At the cram school I work in each course runs eight weeks, and I'm due to move part time at this end of this one, down to 15 hrs from 38, plus 10 - 20 proofreading hrs on my own account, all of which I like to push into Mon-Fri. I do other things to, so I get tired.
August the 8th is my last day, and you can imagine how this is starting to obsess me. I've made a file card calendar to cross off the days, and am thrilled that tomorrow marks the first quarter done, and that a week later will be more than a third. In this way I'll work and wish away the next six weeks, aided for a time by the fact my wife is out of the country and there's little around the house to remind me of other rhythms. The idea is that by Chinese New Year, 2009, all the work I do is chosen by me, which doesn't seem too much for a supposedly free man to ask for.

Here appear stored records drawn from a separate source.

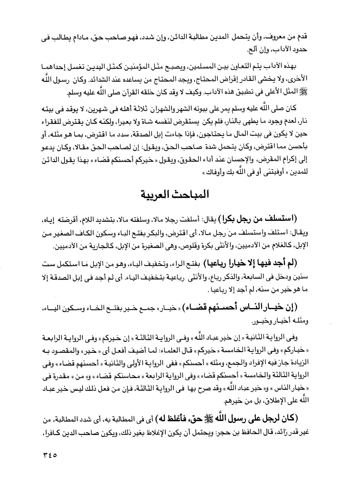 (إن خيار الناس أحسنهم قضاء) "خيار" جمع خير بفتح الخاء وسكون الياء، ومثله أخيار وخيور.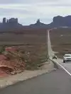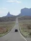 There are a few scenic places to stop on the road to Monument Valley to see this. This is the classic view.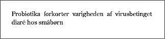 Gennem de seneste ti år er der publiceret en lang række RCT, som beskriver signifikante effekter af probiotika ved akut diaré hos småbørn (2, 3, 11). Det drejede sig hyppigst om hospitalsindlagte, tidligere raske børn med moderat dehydrering og overvejende med rotavirus gastroenteritis. Den vigtigste effektparameter har været varighed af diaré efter start af behandlingen. I gennemsnit reducerede probiotika diarévarigheden med ca. 1,5 dag. I otte ud af 12 undersøgelser blev der anvendt Lactobacillus GG ATCC 53103 (L. GG), men andre mikroorganismer, fx L. reuteri (13), og L. acidophilus LB, givet i samme dosering synes at have en tilsvarende effekt. Behandling med L. GG, givet inden for to døgn efter symptomdebut til børn med gastroenteritis, reducerede signifikant varigheden af hospitalsindlæggelse i forhold til behandling med placebo (3).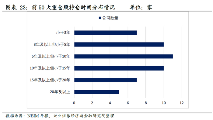 NBIM对于流动性要求较低,因此可以长期持有股票。截止2018年12月,NBIM重仓股(持仓前50)平均持有时间为9.3年,持有时间长于10年的股票共有22支,持仓占比为44%,其中汇丰控股、诺华制药以及微软集团持有时间超过21年,意味着从NBIM成立开始至今对这三家企业的持仓规模从未跌出过前50名。中国有两家公司进入前50名,分别为腾讯控股和阿里巴巴集团,持有时间低于4年。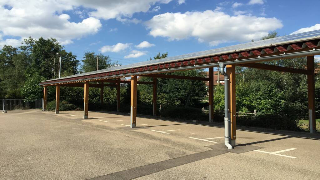 Es handelt sich um einen videoüberwachten Carport für ca. 15 Pkw-Parkplätze plus 30 weitere Stellplätze im Freien!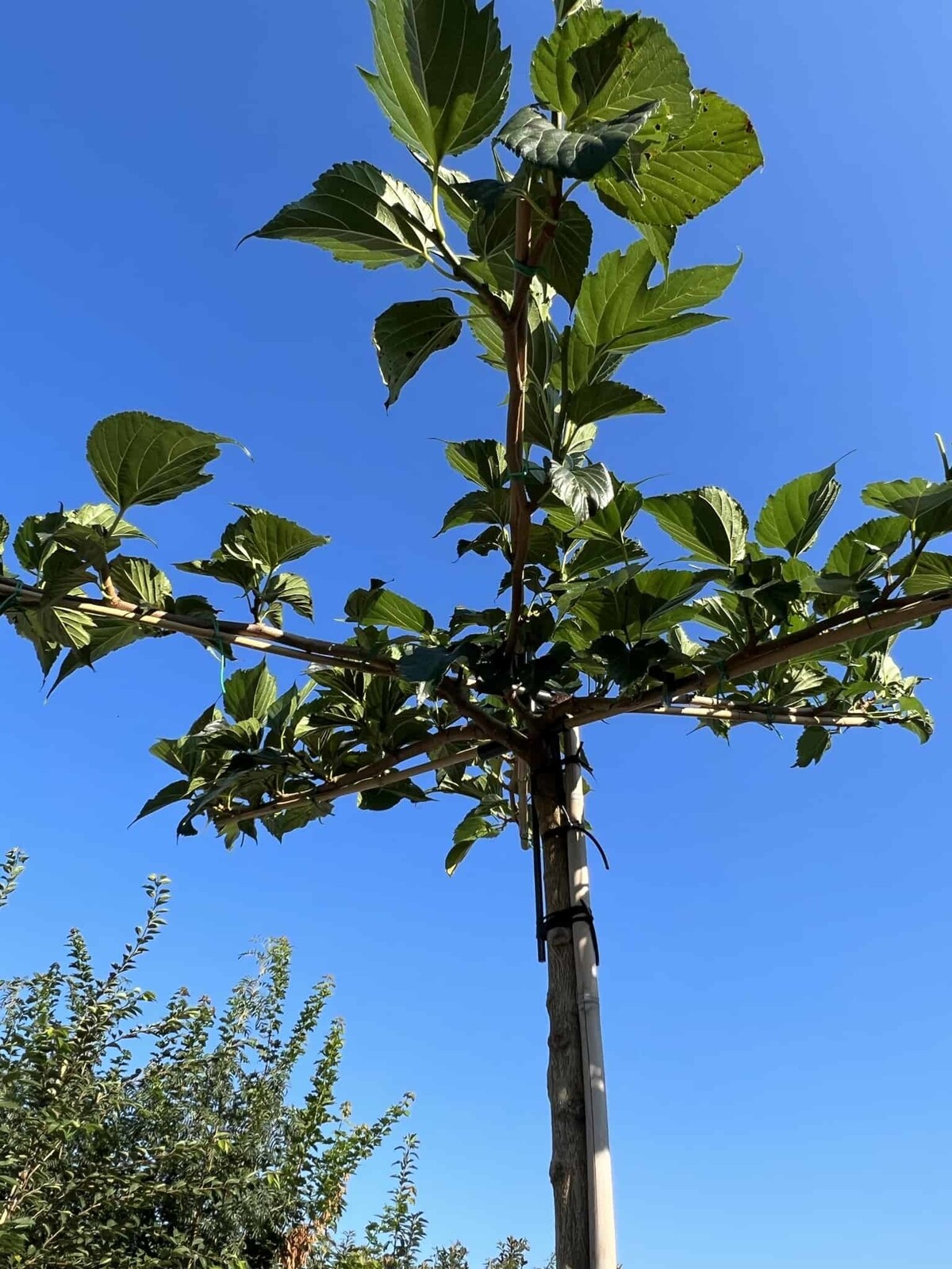 Die Bildung der Dachform des Weißer Maulbeerbaum 'Macrophylla' erfordert fachkundige Pflege und Geduld. Die jungen Bäume werden durch gezielten Schnitt in eine horizontale Ebene geleitet und regelmäßig beschnitten, um die charakteristische Dachform zu entwickeln. Dieser Prozess verlangt Fachwissen und Erfahrung, da das Wachstum des Baumes kontrolliert und unterstützt werden muss, um eine gleichmäßige und dichte Krone zu gewährleisten. Dies macht jeden Dach-Maulbeerbaum zu einem einzigartigen Kunstwerk in Ihrem Garten.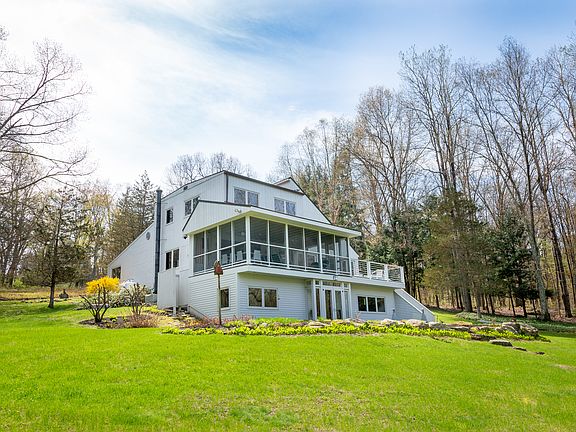 Apple Pond - Never before on the market, this hidden jewel enjoys breathtaking sunset views of St Johns Ledges and is a lovely mix of both rustic & light-filled modern. Entering the home's foyer, one is drawn down to the living room featuring a vaulted ceiling, fireplace, built-in sitting area, and access to an outdoor deck. This area opens to a dining area with its own access to a spacious screen porch, a galley kitchen, and cozy den which makes for a lovely guest room. The upper level of the home is dedicated to a master bedroom suite that takes full advantage of the views and incorporates a walk-in closet, private bath, and a home office. The lower level one finds two additional bedrooms that share a hall bath, separate laundry room, and a work area. After a splendid day at the pond there is a convenient outdoor shower. Property abuts hundreds of acres of State of CT forest and is only a few minutes from the village center of Kent as well as Metro-North making it great spot to entertain, explore the outdoors, and just relax.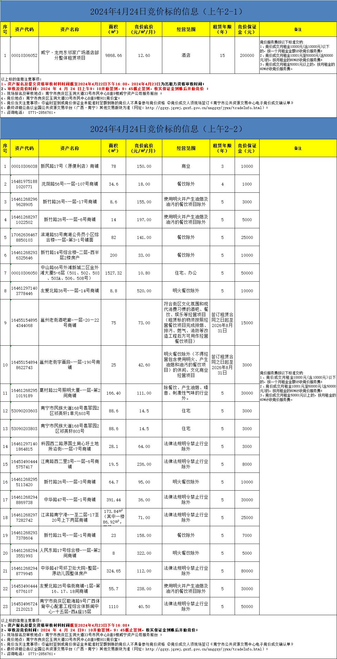 2024年4月24日竞价标的信息(现场竞价)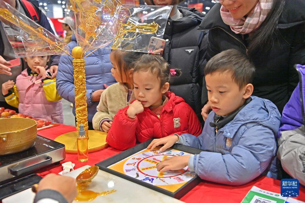 1月24日,在广西南宁国际会展中心,小朋友在年货大集上观看糖画。 1月23日至25日,2026年广西脱贫地区农产品年货大集在广西南宁国际会展中心举行。 新华社记者 周华 摄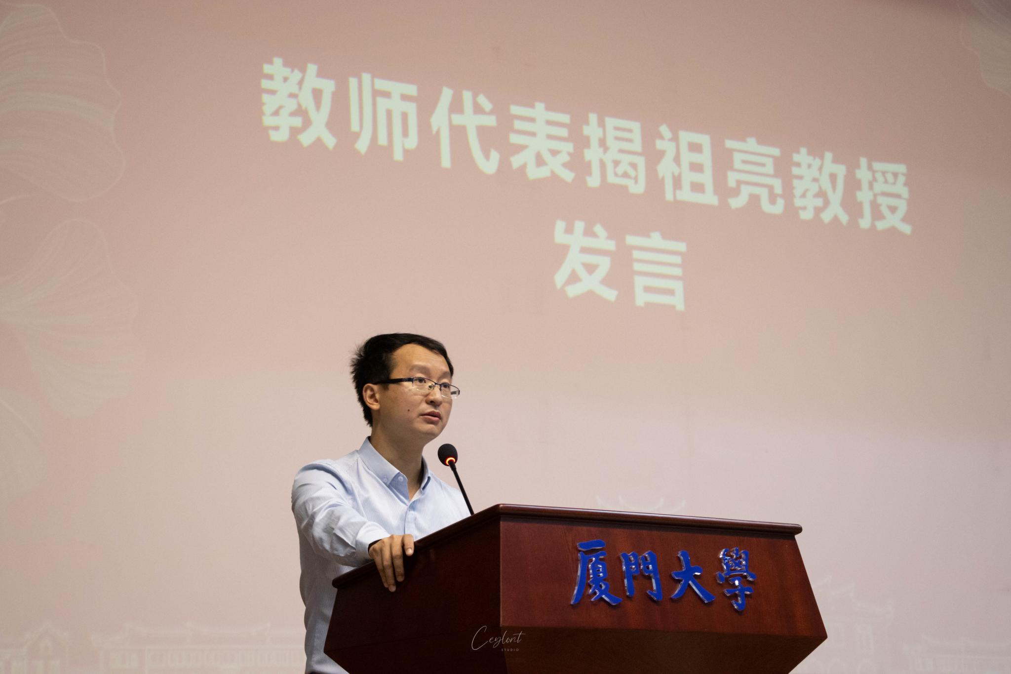 接下来,由教师代表揭祖亮教授发言。他提到,好的开端是成功的一半,每一阶段都要树立明确的目标,一步一个脚印前行,才能达到“会当凌绝顶,一览众山小”的境界。“成功的另一半是要坚持不懈。人生并非坦途,同学们会发现,学习生活是艰辛的。面对许多困难,同学们要拿出‘直挂云帆济沧海’的勇气和‘吹尽黄沙始到金’的信念,接受人生风雨的洗礼。”揭老师还提到,大学也是独立生活的开始,同学们应当学会自主规划学习生活;大学丰富多彩的实践活动、讲座、比赛等,不仅会让同学们获得专业知识,同时也会锻炼同学们合理安排时间以及人际交往的能力。他强调,要坚持锻炼身体,才能有饱满的精神状态迎接新的挑战。最后,揭老师祝愿同学们能够潜心向学、积极进取、扬帆起航,在毕业之际收获硕果累累的自己。

Still, in the interim there's something tragic about wanting Monday to Friday to race by. If I make it to be old, how much of my life will I feel I've wasted?

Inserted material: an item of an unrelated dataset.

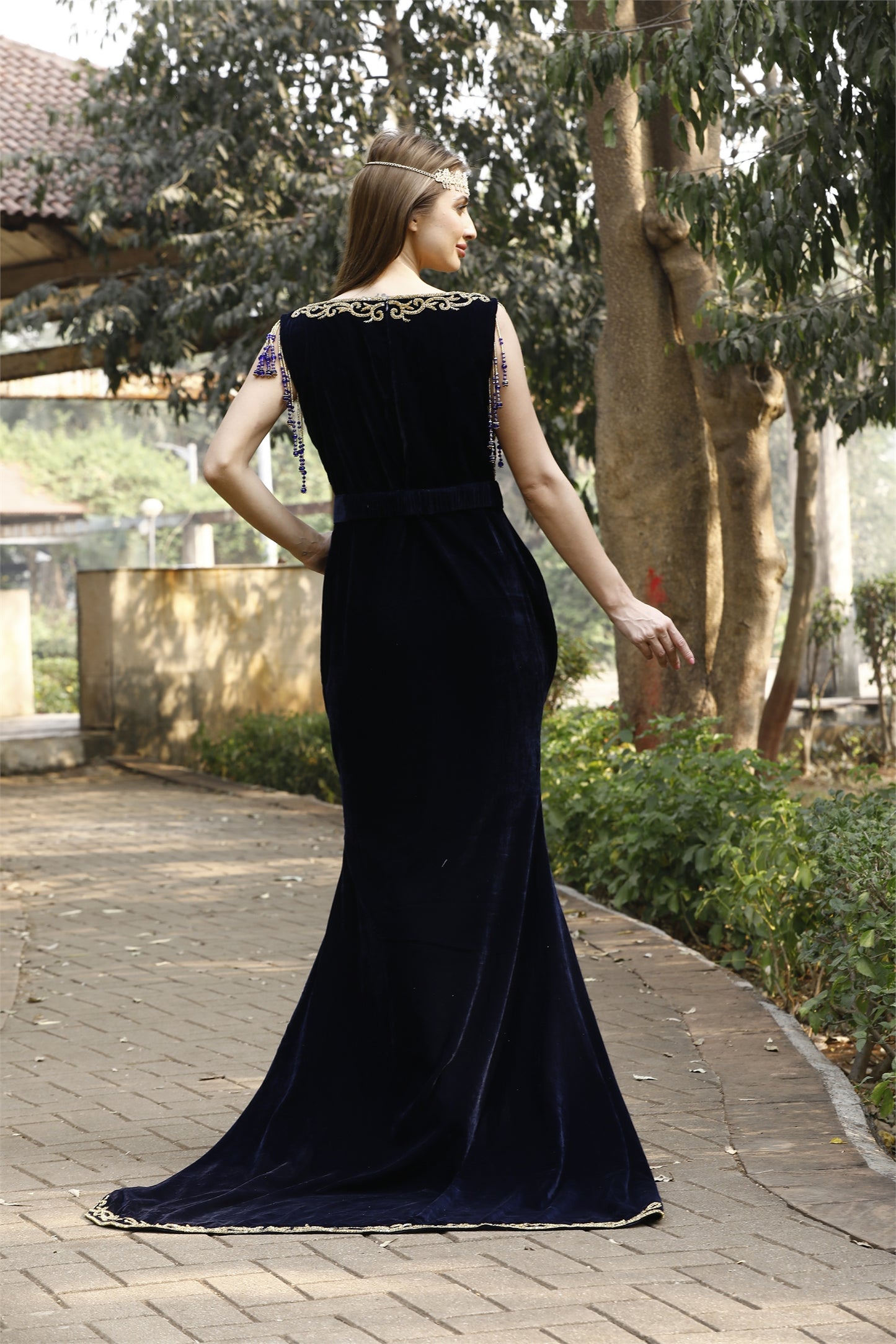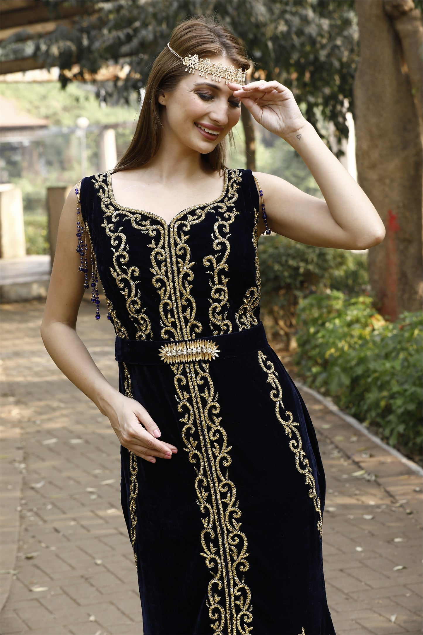 Arabian Ball Gown with tail Embroidered Bridal Caftan in Velvet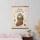 A festive illustration features a cute tabby cat wearing a Santa hat, nestled inside a green and red Christmas stocking. The stocking is decorated with traditional patterns. Above the cat, the words "Merry Christmas" are written in a decorative script. The background is a soft beige color, adorned with stars, dots, and sprigs of greenery.

As long as we're young, we manage to find excuses for the stoniest indifference, the most blatant caddishness, we put them down to emotional eccentricity or some sort of romantic inexperience. But later on, when life shows us how much cunning, cruelty, and malice are required just to keep the body at ninety-eight point six, we catch on, we know the scene, we begin to understand how much swinishness it takes to make up a past. Just take a close look at yourself and the degree of rottenness you've come to. There's no mystery about it, no more room for fairy tales; if you've lived this long, it's because you've squashed any poetry you had in you.